Dataset excerpts:
------------

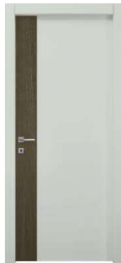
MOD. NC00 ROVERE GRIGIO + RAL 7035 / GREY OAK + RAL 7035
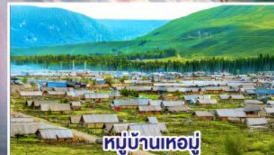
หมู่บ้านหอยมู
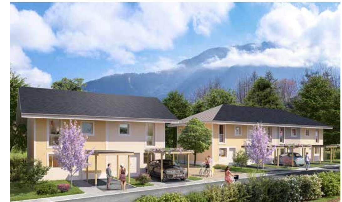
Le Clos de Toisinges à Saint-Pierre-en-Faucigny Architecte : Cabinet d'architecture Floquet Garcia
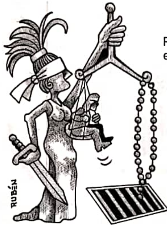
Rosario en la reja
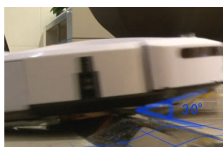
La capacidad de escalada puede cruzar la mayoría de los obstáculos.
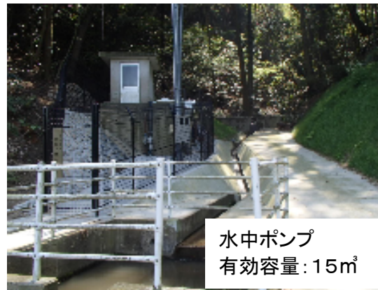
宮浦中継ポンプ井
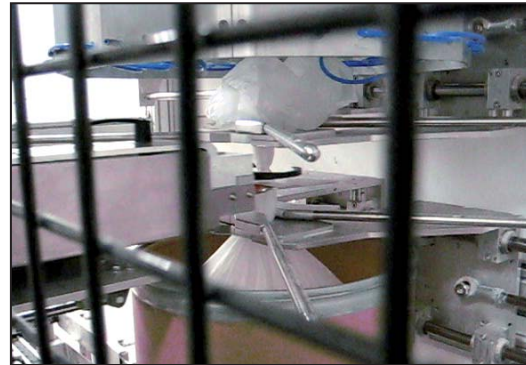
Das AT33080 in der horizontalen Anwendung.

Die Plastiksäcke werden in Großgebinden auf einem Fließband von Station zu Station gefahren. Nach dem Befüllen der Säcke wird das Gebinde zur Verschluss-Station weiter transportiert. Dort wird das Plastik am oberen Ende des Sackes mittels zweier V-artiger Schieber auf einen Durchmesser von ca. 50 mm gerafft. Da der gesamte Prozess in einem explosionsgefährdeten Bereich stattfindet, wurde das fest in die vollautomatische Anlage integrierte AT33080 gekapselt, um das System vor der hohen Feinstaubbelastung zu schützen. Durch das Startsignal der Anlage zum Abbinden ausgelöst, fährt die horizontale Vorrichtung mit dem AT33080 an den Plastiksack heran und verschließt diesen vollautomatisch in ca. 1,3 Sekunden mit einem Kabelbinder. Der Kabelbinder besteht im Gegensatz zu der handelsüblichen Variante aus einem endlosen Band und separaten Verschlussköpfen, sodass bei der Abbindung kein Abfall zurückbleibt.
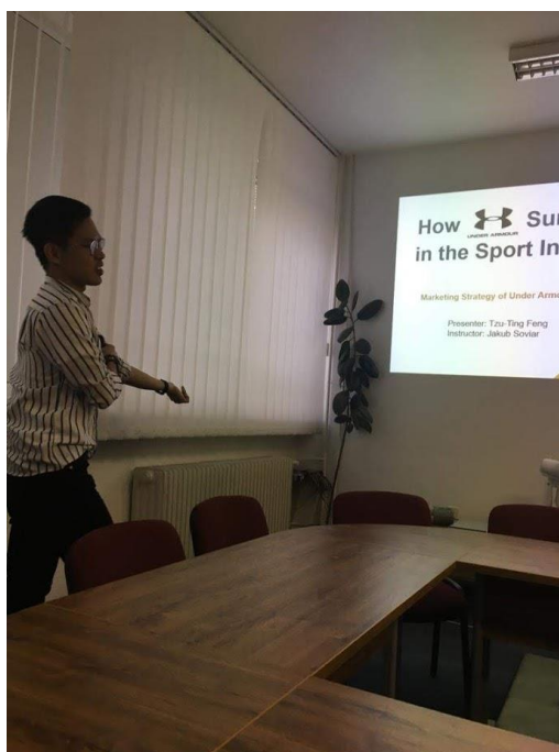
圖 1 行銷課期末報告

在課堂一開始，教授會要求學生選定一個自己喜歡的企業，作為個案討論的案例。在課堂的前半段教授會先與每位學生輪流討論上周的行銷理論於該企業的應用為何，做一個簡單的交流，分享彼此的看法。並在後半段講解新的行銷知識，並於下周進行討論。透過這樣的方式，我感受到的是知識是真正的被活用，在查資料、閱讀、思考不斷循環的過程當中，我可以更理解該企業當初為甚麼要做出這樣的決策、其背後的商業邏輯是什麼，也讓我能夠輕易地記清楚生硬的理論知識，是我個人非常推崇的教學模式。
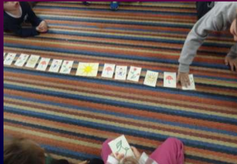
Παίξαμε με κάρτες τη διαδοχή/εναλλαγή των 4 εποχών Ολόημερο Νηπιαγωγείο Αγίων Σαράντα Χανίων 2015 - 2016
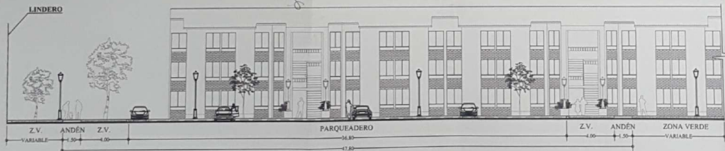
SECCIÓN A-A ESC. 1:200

------------

Please set down, exactly and with no pictures, the lines in the entries above starting at the one holding "La capacidad de" and ending at the one holding "Das AT33080 in der horizontalen Anwendung.", ends included.

### Result of the task:
La capacidad de escalada puede cruzar la mayoría de los obstáculos.
宮浦中継ポンプ井
Das AT33080 in der horizontalen Anwendung.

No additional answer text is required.